● Work request
Every entry in the data is to be written out exactly; no picture belongs in the copy.

** Dataset content follows **

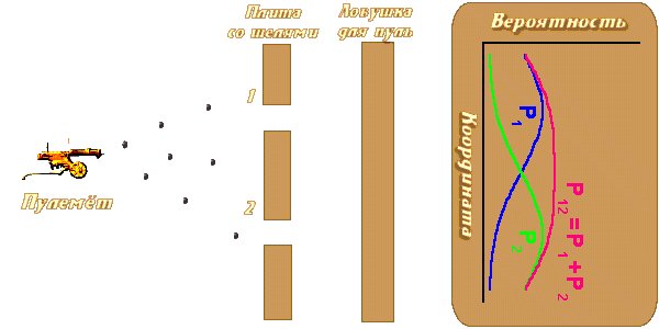 Он не очень хорош, наш пулемёт. Он выпускает пули, направление полёта которых заранее неизвестно. То ли направо они полетят, то ли налево…. Перед пулемётом стоит броневая плита, а в ней проделаны две щели, через которые пули свободно проходят. Далее стоит ²детектор² - любая ловушка, в которой застревают все попавшие в неё пули. Когда нужно, можно пересчитать число пуль, застрявших в ловушке на единицу её длины, и разделить её на полное число выпущенных пуль. Или на время стрельбы, если скорость стрельбы считать постоянной. Эту величину – число застрявших пуль на единицу длины ловушки в окрестности некоторой точки Х, отнесённое к полному числу пуль, мы будем называть вероятностью попадания пули в точку Х. Заметим, что мы можем говорить только о вероятности – ведь мы не можем сказать определённо, куда попадёт очередная пуля. Ведь пуля, даже попав в дыру, может срикошетить от её края и уйти вообще неизвестно куда. Давайте мысленно проведём три опыта: первый, когда открыта первая щель, а вторая закрыта, второй – когда открыта вторая щель, а первая закрыта. И наконец, третий опыт, когда обе щели открыты. Результат нашего первого ²эксперимента² показан на этом же рисунке, на графике. Вероятность в нём отложена вправо, а координата – это и есть положение точки X. Синяя кривая показывает распределение вероятности P1 попавших в детектор пуль при открытой первой щели, зелёная кривая – вероятность попадания в детектор пуль при открытой второй щели, и красная кривая – вероятность попадания в детектор пуль при обеих открытых щелях, которую мы обозначили P12. Сравнив величины P1, P2 и P12, мы можем сделать вывод, что вероятности просто складываются, P1
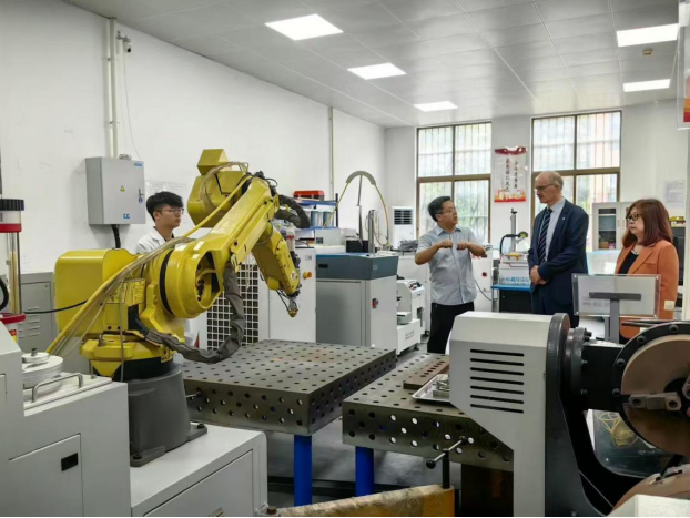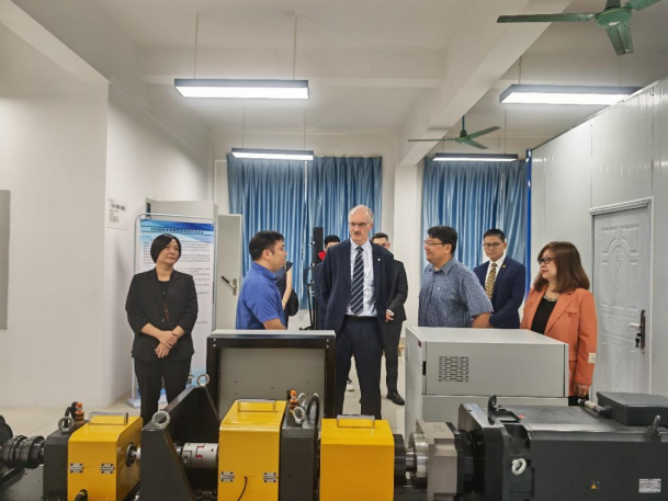9月17日上午,英国诺丁汉大学副校长、马来西亚分校校长兼首席执行官大卫·菲茨帕特里克校长(David FitzPatrick)率马来西亚分校代表团一行五人来访我院,广西市长协会对外联络员宋益铭,校国际交流与合作处处长廖文丹、副处长郭宇路陪同参观,一同考察工程训练中心智慧车间、 广西新能源车辆动力电池与绿色动力域重点实验室以及广西制造系统与先进制造技术重点实验室。学院党委书记卢婵江、院长贺德强、君武学者龙雨、能源与动力工程系主任欧阳天成、工程训练中心主任郑炳年等接待来访,秦智鹏副教授担任翻译。
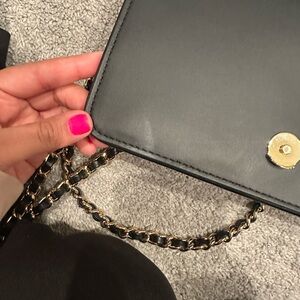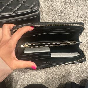 Chic black quilted design. Includes matching wallet. Perfect for stylish outings.
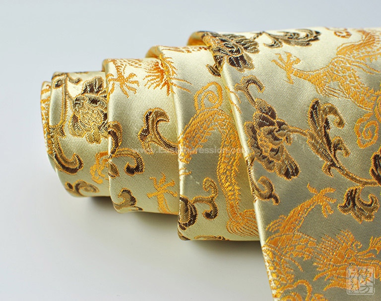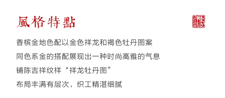香槟金地色配以金色祥龙和褐色牡丹图案,同色系金的搭配展现出一种时尚高雅的气息。铺陈吉祥纹样“祥龙牡丹图”,布局丰满有层次,织工精湛细腻。
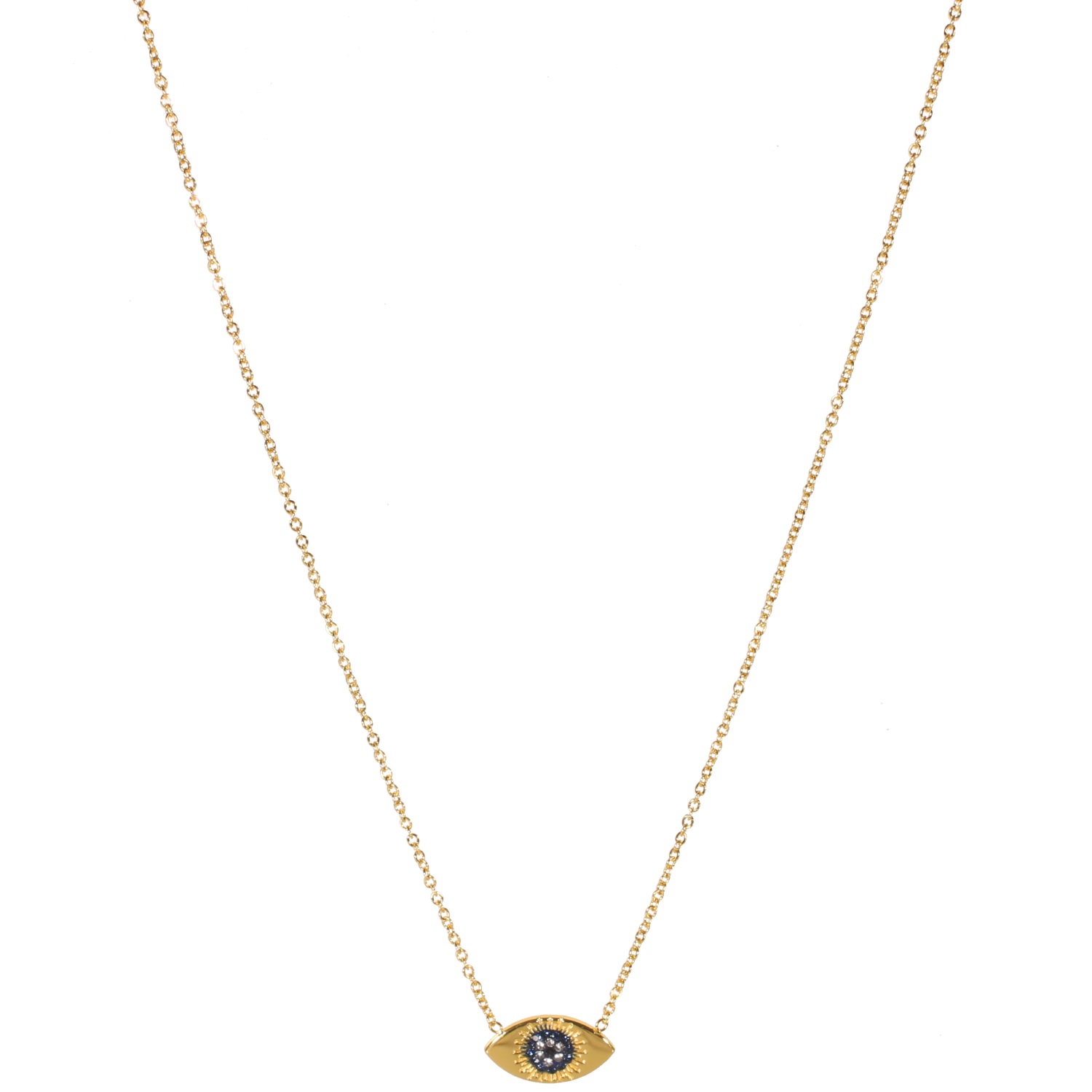 Collier composé d'une chaîne fine et d'un œil de Turquie en acier doré surmonté de strass de couleur noire, bleue et blanche.
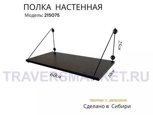Заказать звонокПолка для книг "КНИГОКРЕП 215075" высота 26 см размер 60х30 см черный и венге
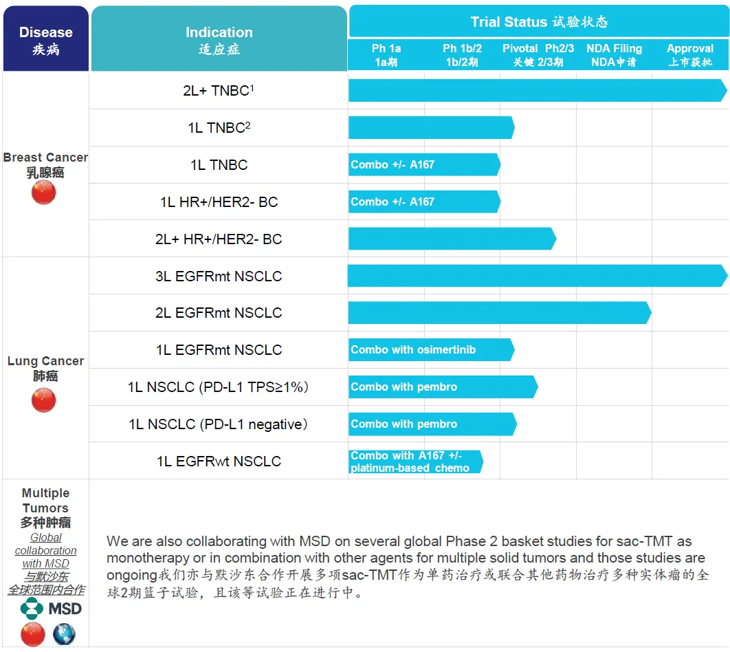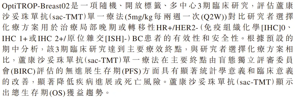 此次上市申请是基于OptiTROP-Breast02三期临床数据,根据预设的中期分析,该三期临床达到PFS主要终点,同时显示出OS获益趋势。

** End of Dataset content **

● Written answer
 Он не очень хорош, наш пулемёт. Он выпускает пули, направление полёта которых заранее неизвестно. То ли направо они полетят, то ли налево…. Перед пулемётом стоит броневая плита, а в ней проделаны две щели, через которые пули свободно проходят. Далее стоит ²детектор² - любая ловушка, в которой застревают все попавшие в неё пули. Когда нужно, можно пересчитать число пуль, застрявших в ловушке на единицу её длины, и разделить её на полное число выпущенных пуль. Или на время стрельбы, если скорость стрельбы считать постоянной. Эту величину – число застрявших пуль на единицу длины ловушки в окрестности некоторой точки Х, отнесённое к полному числу пуль, мы будем называть вероятностью попадания пули в точку Х. Заметим, что мы можем говорить только о вероятности – ведь мы не можем сказать определённо, куда попадёт очередная пуля. Ведь пуля, даже попав в дыру, может срикошетить от её края и уйти вообще неизвестно куда. Давайте мысленно проведём три опыта: первый, когда открыта первая щель, а вторая закрыта, второй – когда открыта вторая щель, а первая закрыта. И наконец, третий опыт, когда обе щели открыты. Результат нашего первого ²эксперимента² показан на этом же рисунке, на графике. Вероятность в нём отложена вправо, а координата – это и есть положение точки X. Синяя кривая показывает распределение вероятности P1 попавших в детектор пуль при открытой первой щели, зелёная кривая – вероятность попадания в детектор пуль при открытой второй щели, и красная кривая – вероятность попадания в детектор пуль при обеих открытых щелях, которую мы обозначили P12. Сравнив величины P1, P2 и P12, мы можем сделать вывод, что вероятности просто складываются, P1
9月17日上午,英国诺丁汉大学副校长、马来西亚分校校长兼首席执行官大卫·菲茨帕特里克校长(David FitzPatrick)率马来西亚分校代表团一行五人来访我院,广西市长协会对外联络员宋益铭,校国际交流与合作处处长廖文丹、副处长郭宇路陪同参观,一同考察工程训练中心智慧车间、 广西新能源车辆动力电池与绿色动力域重点实验室以及广西制造系统与先进制造技术重点实验室。学院党委书记卢婵江、院长贺德强、君武学者龙雨、能源与动力工程系主任欧阳天成、工程训练中心主任郑炳年等接待来访,秦智鹏副教授担任翻译。
 Chic black quilted design. Includes matching wallet. Perfect for stylish outings.
香槟金地色配以金色祥龙和褐色牡丹图案,同色系金的搭配展现出一种时尚高雅的气息。铺陈吉祥纹样“祥龙牡丹图”,布局丰满有层次,织工精湛细腻。
 Collier composé d'une chaîne fine et d'un œil de Turquie en acier doré surmonté de strass de couleur noire, bleue et blanche.
Заказать звонокПолка для книг "КНИГОКРЕП 215075" высота 26 см размер 60х30 см черный и венге
 此次上市申请是基于OptiTROP-Breast02三期临床数据,根据预设的中期分析,该三期临床达到PFS主要终点,同时显示出OS获益趋势。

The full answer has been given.